■ YOUR OBJECTIVE ■
Everything in the data that follows should be given again verbatim, except the images.

■ DATA SECTION ■
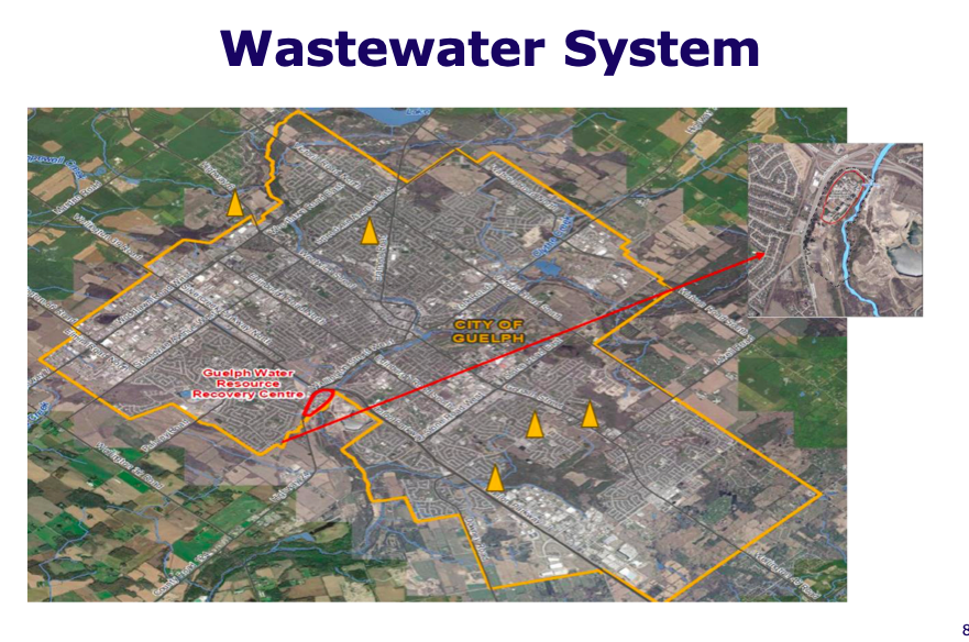 Tim Robertson, Division Manager, Wastewater, overviews the wastewater: Guelph constructed a separate sanitary and storm sewer in the early 1900s. The focus today is on waste as a resource according to this acronym: Water Resource Recovery Centre.
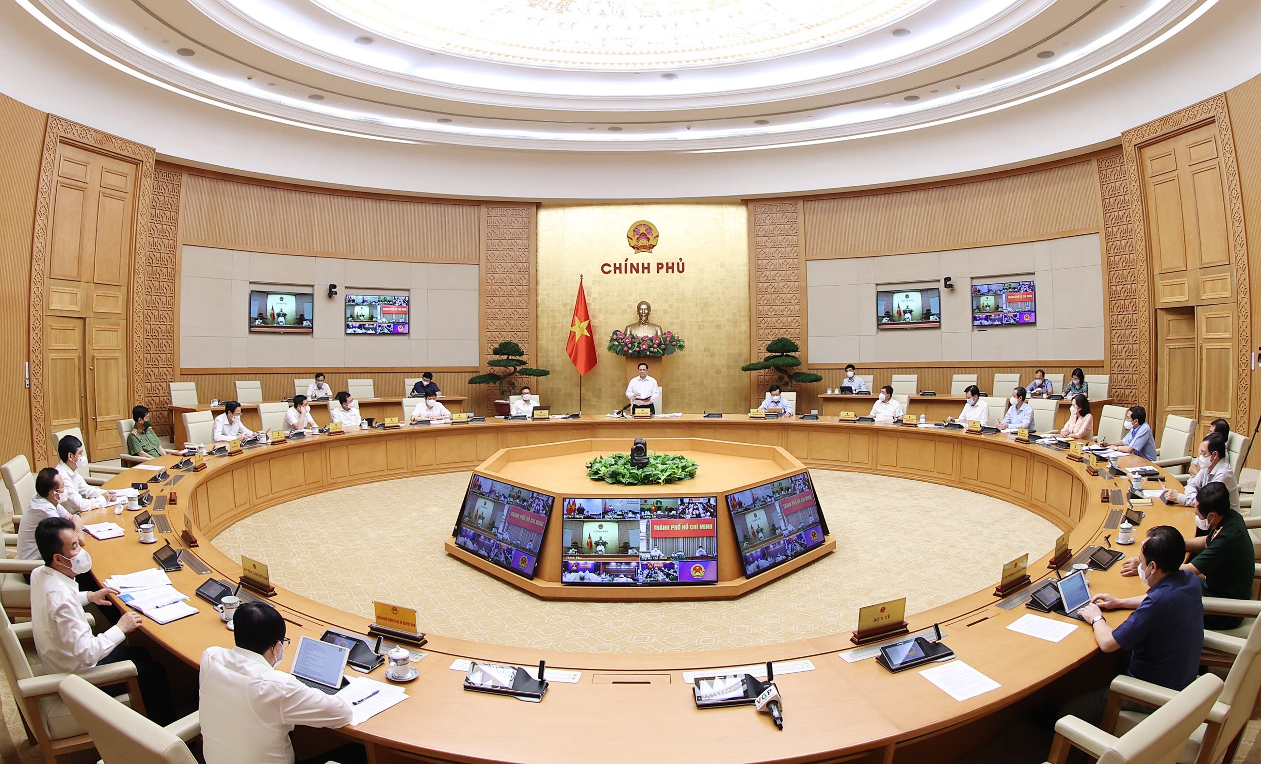 Phát biểu kết luận cuộc họp, Thủ tướng nhấn mạnh, cùng với Hà Nội, Thành phố Hồ Chí Minh là trung tâm kinh tế, chính trị, văn hóa, giáo dục của cả vùng kinh tế trọng điểm phía Nam và của cả nước. Do đó, tình hình dịch bệnh tại Thành phố có ảnh hưởng lớn đến các tỉnh trong khu vực, đồng thời việc phòng, chống dịch cũng khó khăn, phức tạp hơn, đòi hỏi phải tập trung ưu tiên chỉ đạo, xử lý. Chính phủ chỉ đạo các bộ, ngành đã và đang bổ sung lực lượng cho Thành phố Hồ Chí Minh và một số tỉnh phía Nam, đồng thời yêu cầu các ngành y tế, quân đội, công an, các tỉnh, thành phố không có dịch và dịch đã được kiểm soát tốt tiếp tục chi viện cho những địa phương nếu cần thiết.
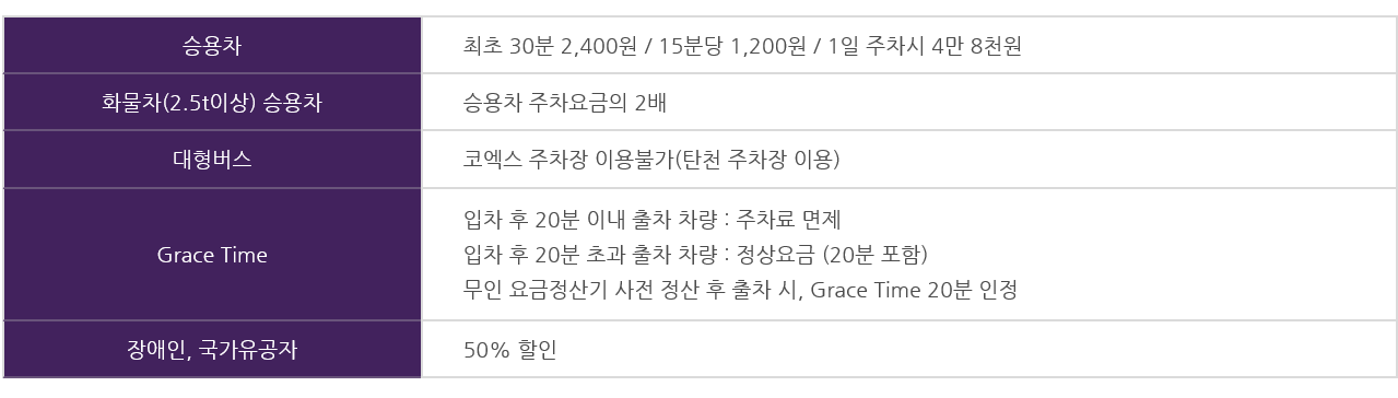최초 30분 2,400원 / 15분당 1,200원 / 1일 주차시 4만 8천원
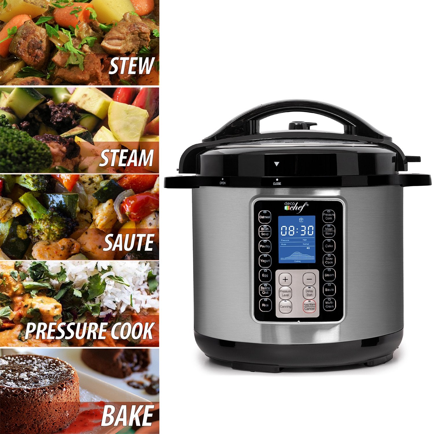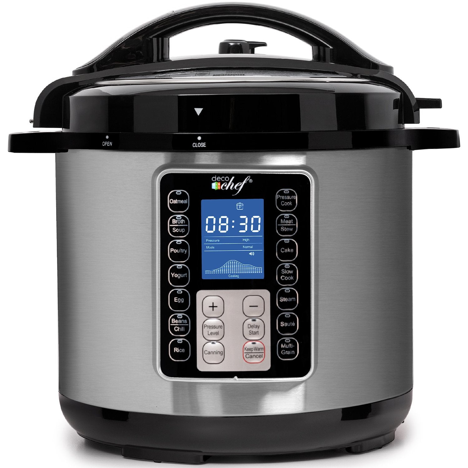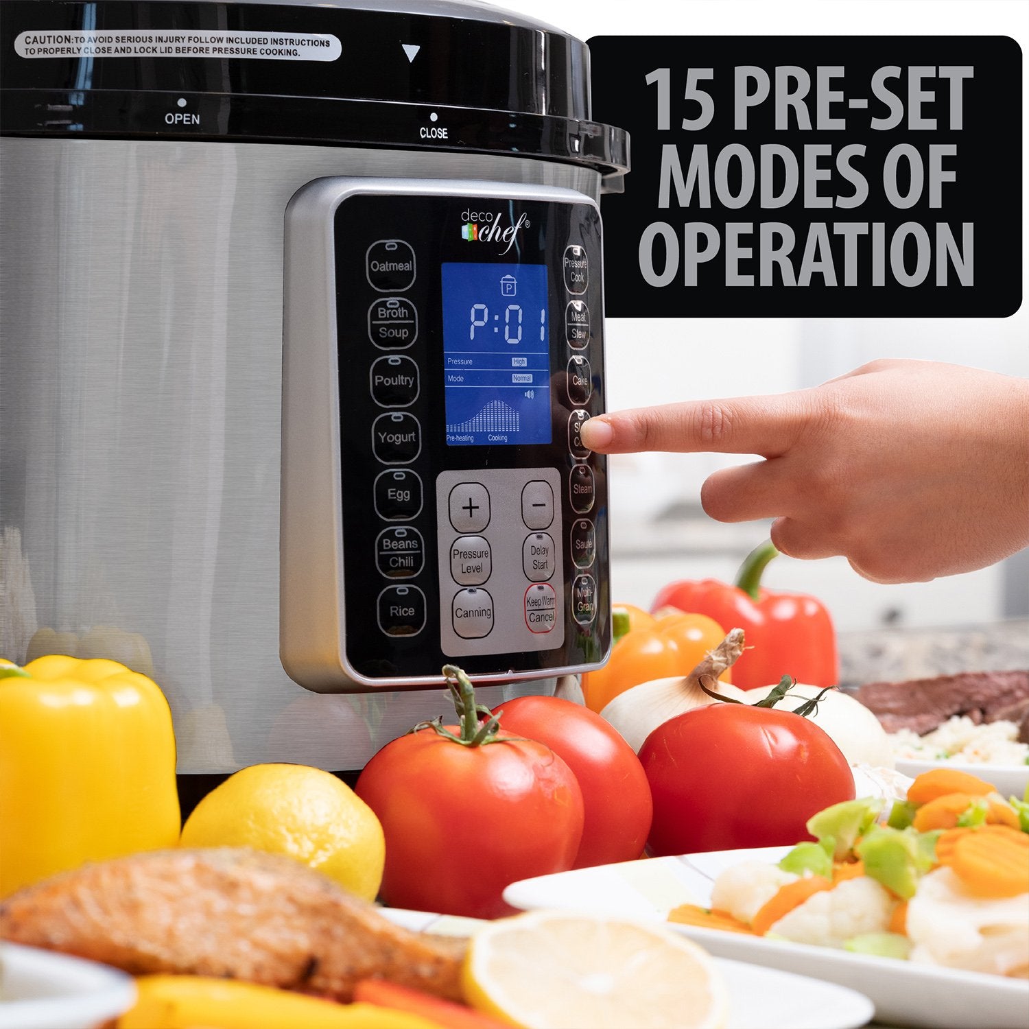 Using the finest materials and construction processes, the Deco Chef pressure cooker brings real and lasting value to your kitchen and dinner table. Built to last and deliver delicious foods, this stainless steel appliance utilizes high-quality rubber seals, heat-resistant handles, and resilient internal electronics.

■ WORKED SOLUTION ■
 Tim Robertson, Division Manager, Wastewater, overviews the wastewater: Guelph constructed a separate sanitary and storm sewer in the early 1900s. The focus today is on waste as a resource according to this acronym: Water Resource Recovery Centre.
 Phát biểu kết luận cuộc họp, Thủ tướng nhấn mạnh, cùng với Hà Nội, Thành phố Hồ Chí Minh là trung tâm kinh tế, chính trị, văn hóa, giáo dục của cả vùng kinh tế trọng điểm phía Nam và của cả nước. Do đó, tình hình dịch bệnh tại Thành phố có ảnh hưởng lớn đến các tỉnh trong khu vực, đồng thời việc phòng, chống dịch cũng khó khăn, phức tạp hơn, đòi hỏi phải tập trung ưu tiên chỉ đạo, xử lý. Chính phủ chỉ đạo các bộ, ngành đã và đang bổ sung lực lượng cho Thành phố Hồ Chí Minh và một số tỉnh phía Nam, đồng thời yêu cầu các ngành y tế, quân đội, công an, các tỉnh, thành phố không có dịch và dịch đã được kiểm soát tốt tiếp tục chi viện cho những địa phương nếu cần thiết.
최초 30분 2,400원 / 15분당 1,200원 / 1일 주차시 4만 8천원
 Using the finest materials and construction processes, the Deco Chef pressure cooker brings real and lasting value to your kitchen and dinner table. Built to last and deliver delicious foods, this stainless steel appliance utilizes high-quality rubber seals, heat-resistant handles, and resilient internal electronics.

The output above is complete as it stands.